▶ **ABOUT THIS TASK**
Write out, exactly and in full, the records given below, but not their pictures.

*-*-*

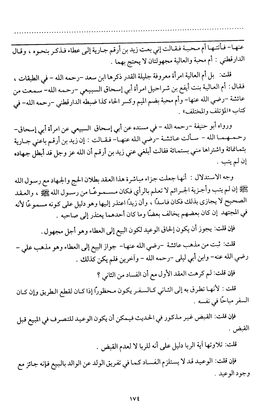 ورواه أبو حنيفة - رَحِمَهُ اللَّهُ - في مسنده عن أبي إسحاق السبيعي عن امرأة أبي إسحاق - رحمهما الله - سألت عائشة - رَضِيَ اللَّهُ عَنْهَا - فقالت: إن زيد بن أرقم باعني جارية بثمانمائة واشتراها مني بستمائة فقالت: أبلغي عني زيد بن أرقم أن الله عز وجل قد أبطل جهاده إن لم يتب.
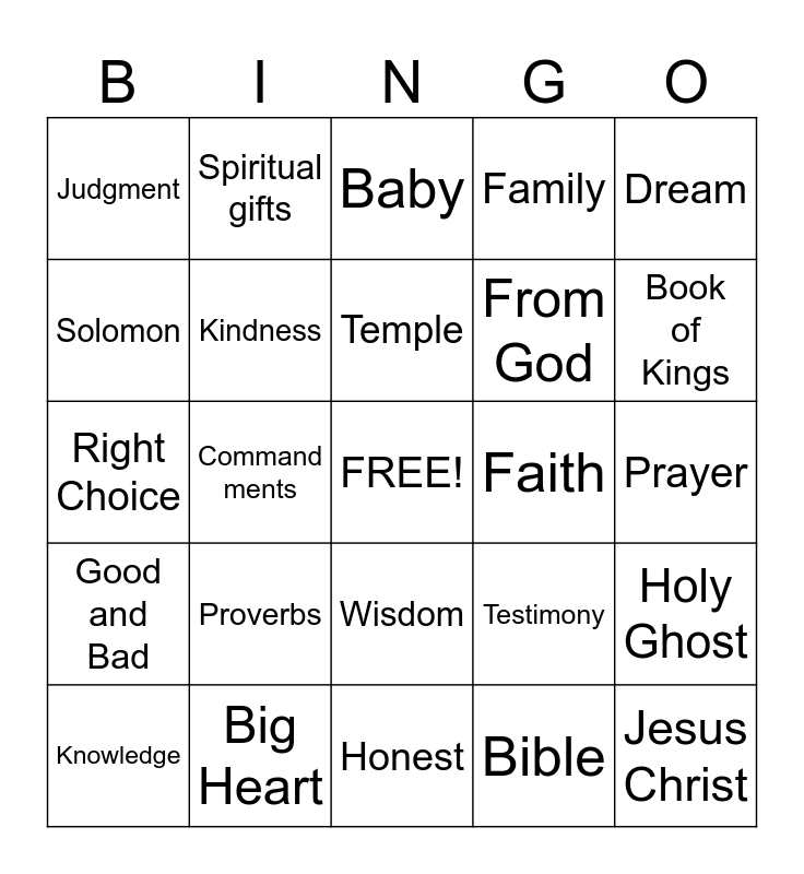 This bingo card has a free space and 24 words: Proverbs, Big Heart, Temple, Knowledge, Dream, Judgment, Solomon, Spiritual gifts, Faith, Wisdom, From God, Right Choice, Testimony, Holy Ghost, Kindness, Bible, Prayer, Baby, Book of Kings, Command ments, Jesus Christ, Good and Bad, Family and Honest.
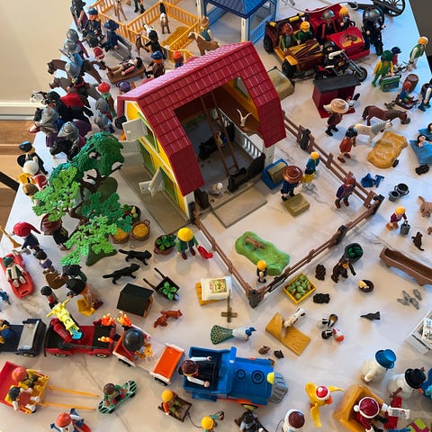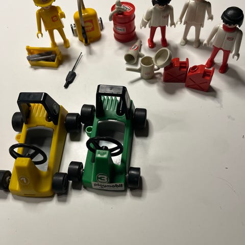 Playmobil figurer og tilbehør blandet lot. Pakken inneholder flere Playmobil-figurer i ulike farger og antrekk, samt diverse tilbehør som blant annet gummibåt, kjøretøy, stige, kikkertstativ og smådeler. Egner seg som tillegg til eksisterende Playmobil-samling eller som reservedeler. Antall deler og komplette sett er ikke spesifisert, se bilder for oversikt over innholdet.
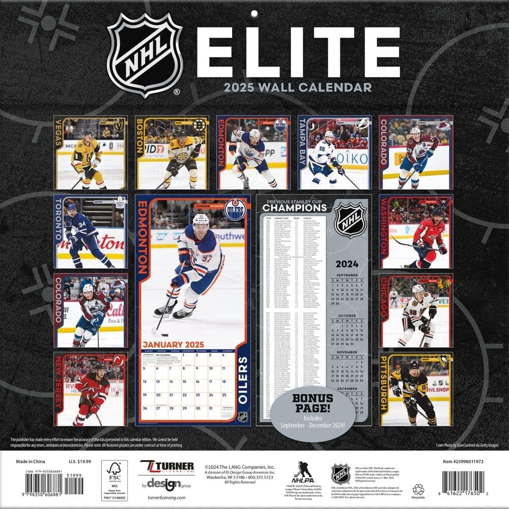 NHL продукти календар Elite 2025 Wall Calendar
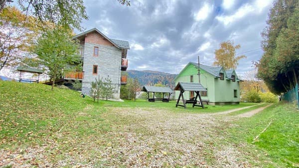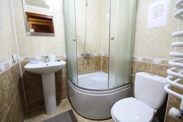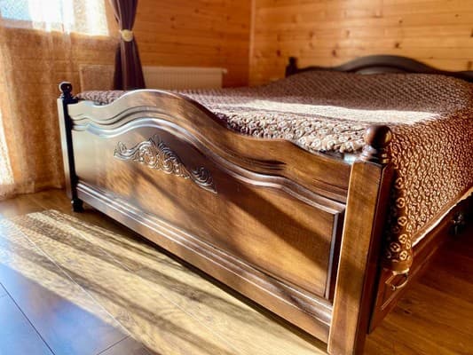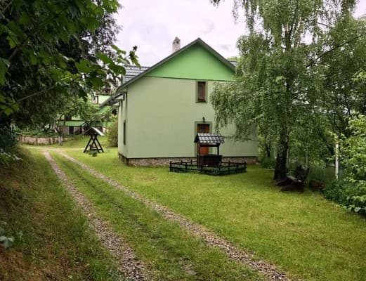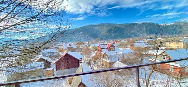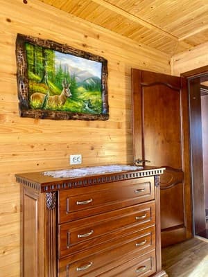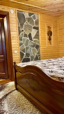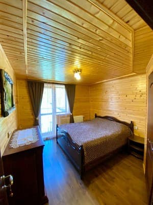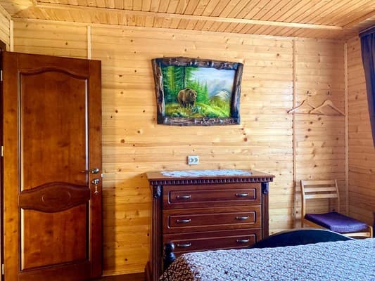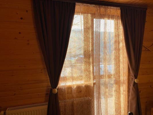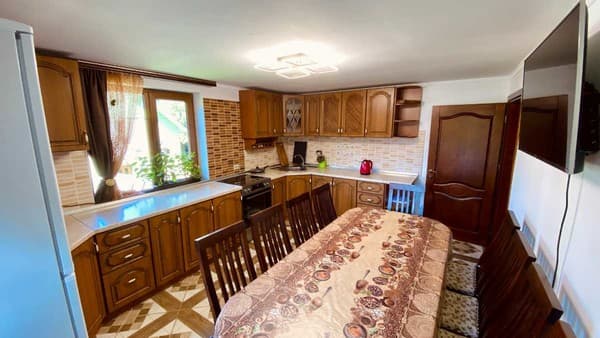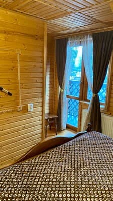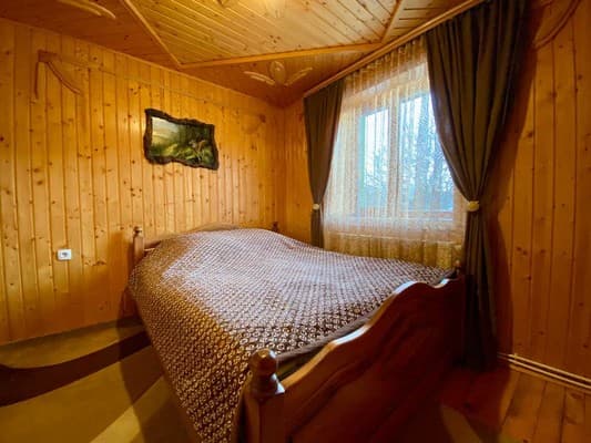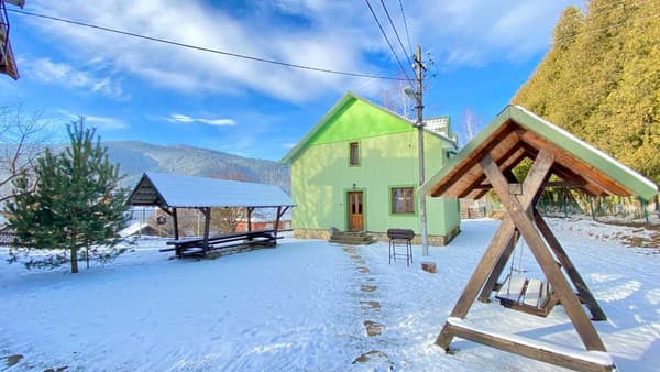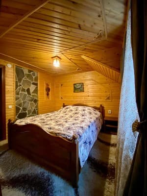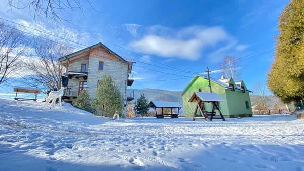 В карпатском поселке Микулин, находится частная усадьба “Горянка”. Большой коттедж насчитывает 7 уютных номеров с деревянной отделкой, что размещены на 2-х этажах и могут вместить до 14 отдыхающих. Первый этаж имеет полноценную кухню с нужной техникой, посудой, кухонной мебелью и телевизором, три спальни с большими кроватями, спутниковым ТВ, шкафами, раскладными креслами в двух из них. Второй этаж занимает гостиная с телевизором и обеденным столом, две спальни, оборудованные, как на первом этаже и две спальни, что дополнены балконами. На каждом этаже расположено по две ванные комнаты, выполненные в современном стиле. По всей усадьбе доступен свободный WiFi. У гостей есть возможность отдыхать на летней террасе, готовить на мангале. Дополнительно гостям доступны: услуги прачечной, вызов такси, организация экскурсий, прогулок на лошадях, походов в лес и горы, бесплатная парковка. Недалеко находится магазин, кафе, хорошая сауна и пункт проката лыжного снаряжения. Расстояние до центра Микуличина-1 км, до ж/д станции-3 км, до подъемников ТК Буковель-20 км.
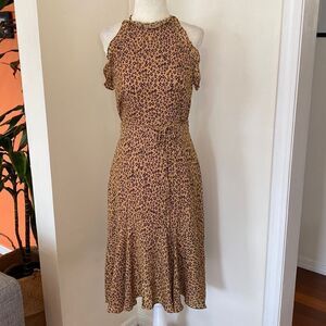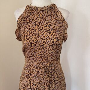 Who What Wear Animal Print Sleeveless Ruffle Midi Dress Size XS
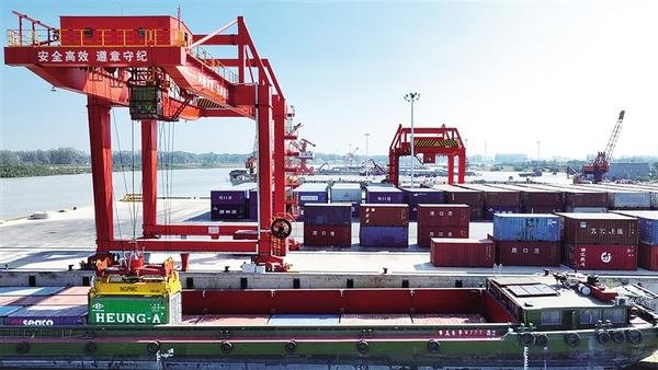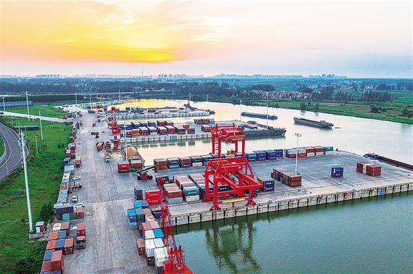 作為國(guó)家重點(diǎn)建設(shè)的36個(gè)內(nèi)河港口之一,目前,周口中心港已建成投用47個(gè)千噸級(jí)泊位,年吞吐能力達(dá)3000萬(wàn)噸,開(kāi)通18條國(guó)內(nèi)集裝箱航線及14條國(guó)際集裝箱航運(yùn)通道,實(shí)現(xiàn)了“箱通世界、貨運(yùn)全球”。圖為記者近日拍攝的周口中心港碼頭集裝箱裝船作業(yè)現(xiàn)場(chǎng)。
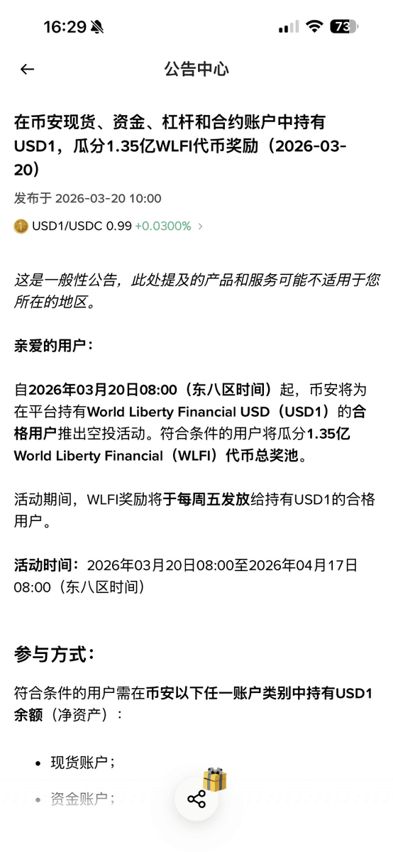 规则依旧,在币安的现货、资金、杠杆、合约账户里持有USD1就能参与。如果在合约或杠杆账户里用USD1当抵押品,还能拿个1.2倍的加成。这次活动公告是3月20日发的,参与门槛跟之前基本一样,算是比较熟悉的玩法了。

*-*-*

▶ **RESULT OF THIS TASK**
 ورواه أبو حنيفة - رَحِمَهُ اللَّهُ - في مسنده عن أبي إسحاق السبيعي عن امرأة أبي إسحاق - رحمهما الله - سألت عائشة - رَضِيَ اللَّهُ عَنْهَا - فقالت: إن زيد بن أرقم باعني جارية بثمانمائة واشتراها مني بستمائة فقالت: أبلغي عني زيد بن أرقم أن الله عز وجل قد أبطل جهاده إن لم يتب.
 This bingo card has a free space and 24 words: Proverbs, Big Heart, Temple, Knowledge, Dream, Judgment, Solomon, Spiritual gifts, Faith, Wisdom, From God, Right Choice, Testimony, Holy Ghost, Kindness, Bible, Prayer, Baby, Book of Kings, Command ments, Jesus Christ, Good and Bad, Family and Honest.
 Playmobil figurer og tilbehør blandet lot. Pakken inneholder flere Playmobil-figurer i ulike farger og antrekk, samt diverse tilbehør som blant annet gummibåt, kjøretøy, stige, kikkertstativ og smådeler. Egner seg som tillegg til eksisterende Playmobil-samling eller som reservedeler. Antall deler og komplette sett er ikke spesifisert, se bilder for oversikt over innholdet.
 NHL продукти календар Elite 2025 Wall Calendar
 В карпатском поселке Микулин, находится частная усадьба “Горянка”. Большой коттедж насчитывает 7 уютных номеров с деревянной отделкой, что размещены на 2-х этажах и могут вместить до 14 отдыхающих. Первый этаж имеет полноценную кухню с нужной техникой, посудой, кухонной мебелью и телевизором, три спальни с большими кроватями, спутниковым ТВ, шкафами, раскладными креслами в двух из них. Второй этаж занимает гостиная с телевизором и обеденным столом, две спальни, оборудованные, как на первом этаже и две спальни, что дополнены балконами. На каждом этаже расположено по две ванные комнаты, выполненные в современном стиле. По всей усадьбе доступен свободный WiFi. У гостей есть возможность отдыхать на летней террасе, готовить на мангале. Дополнительно гостям доступны: услуги прачечной, вызов такси, организация экскурсий, прогулок на лошадях, походов в лес и горы, бесплатная парковка. Недалеко находится магазин, кафе, хорошая сауна и пункт проката лыжного снаряжения. Расстояние до центра Микуличина-1 км, до ж/д станции-3 км, до подъемников ТК Буковель-20 км.
 Who What Wear Animal Print Sleeveless Ruffle Midi Dress Size XS
 作為國(guó)家重點(diǎn)建設(shè)的36個(gè)內(nèi)河港口之一,目前,周口中心港已建成投用47個(gè)千噸級(jí)泊位,年吞吐能力達(dá)3000萬(wàn)噸,開(kāi)通18條國(guó)內(nèi)集裝箱航線及14條國(guó)際集裝箱航運(yùn)通道,實(shí)現(xiàn)了“箱通世界、貨運(yùn)全球”。圖為記者近日拍攝的周口中心港碼頭集裝箱裝船作業(yè)現(xiàn)場(chǎng)。
 规则依旧,在币安的现货、资金、杠杆、合约账户里持有USD1就能参与。如果在合约或杠杆账户里用USD1当抵押品,还能拿个1.2倍的加成。这次活动公告是3月20日发的,参与门槛跟之前基本一样,算是比较熟悉的玩法了。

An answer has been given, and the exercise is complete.